In the Financial Times last month, Benedict wrote that Christians are committed to fighting against poverty and they work for a more equitable sharing of the Earth's resources out of concern for the "supreme dignity of every human being, created in God's image. ... The belief in the transcendent destiny of every human being gives urgency to the task of promoting peace and justice for all."
Yet Benedict is an enigma. He is one of the world's sharpest thinkers, and he recently wrote the third volume of his book on Jesus, in which he got a lot of publicity for the wrong reasons. He claimed that there was no evidence that cattle were present at the birth of Christ. He is correct, since the birth was probably in a cave — not the stable of tradition — though the pope's own Christmas card shows animals in attendance.
He also claimed that the angels did not sing to the shepherds, but only spoke to them of about the birth of the Savior Christ. What a killjoy pope: With such Good News, surely the angels would not be whispering, but would be singing gloriously with the sweet melodies of a Mozart and the faith of a Beethoven.

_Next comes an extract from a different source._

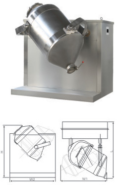 结构:该机由机座、传动系统、电器控制系统、多向运动机构、混合筒等部件组成。与物料直接接触的混合筒采用优质不锈钢材料制造,桶体内外壁均经镜面抛光。
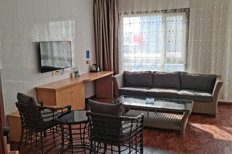 大连大合商务酒店位于三十里堡街道东山后村国泰路,近商场超市,配备免费停车场。 酒店营业面积2000平方米,住宿环境优雅、安静,酒店对客房的装饰十分考究,每间设施齐全的客房都配备有空调。有饮水需求的旅客,酒店还为您提供了瓶装水。除此之外,配备有拖鞋、24小时热水和吹风机的浴室是您消除一天疲劳的好地方。 旅客可以在闲暇时间去酒店的休闲区,提升健康幸福感。24小时开放的前台服务可为您随时提供信息,以帮助您探索这个魅力之都。

Benedict has tried to be a modern pope, and last month opened a Twitter account, which has attracted a million followers. But he has not been able to discard his stern unforgiving bureaucratic past.
It is now 50 years since the Vatican Council began its work to open the church to the world. Blessed Pope John XXIII told the council fathers that they should engage with the world and "make use of the medicine of mercy rather than of severity" in dealing with everyone.
But the current pope, one of whose titles is "the Servant of the servants of God," has reacted as if he is still "God's Rottweiler" — the epithet he won when in charge of doctrine before becoming pope. Priests, and even bishops, who dare to suggest that for practical reasons the church should consider married priests or women priests or even — horror of horrors — take a new look at sexuality have been unceremoniously sidelined or dismissed.
In terms of liturgy and disciplines, Benedict is taking the church back into the holy smells and bells of its former European stronghold. This is a mistake, not least because Europeans have succumbed to the secular disease.
More important, it is a denial of the promise of the baby Christ who was born in poverty for all humans. The Jesuit Cardinal Carlo Maria Martini in his final interview last year claimed that "the church is 200 years behind the times" and is weighed down by well-being, "like the rich young man who went away sad when Jesus called him to be his disciple."
Kevin Rafferty was editor of The Universe, the best-selling Catholic newspaper in English.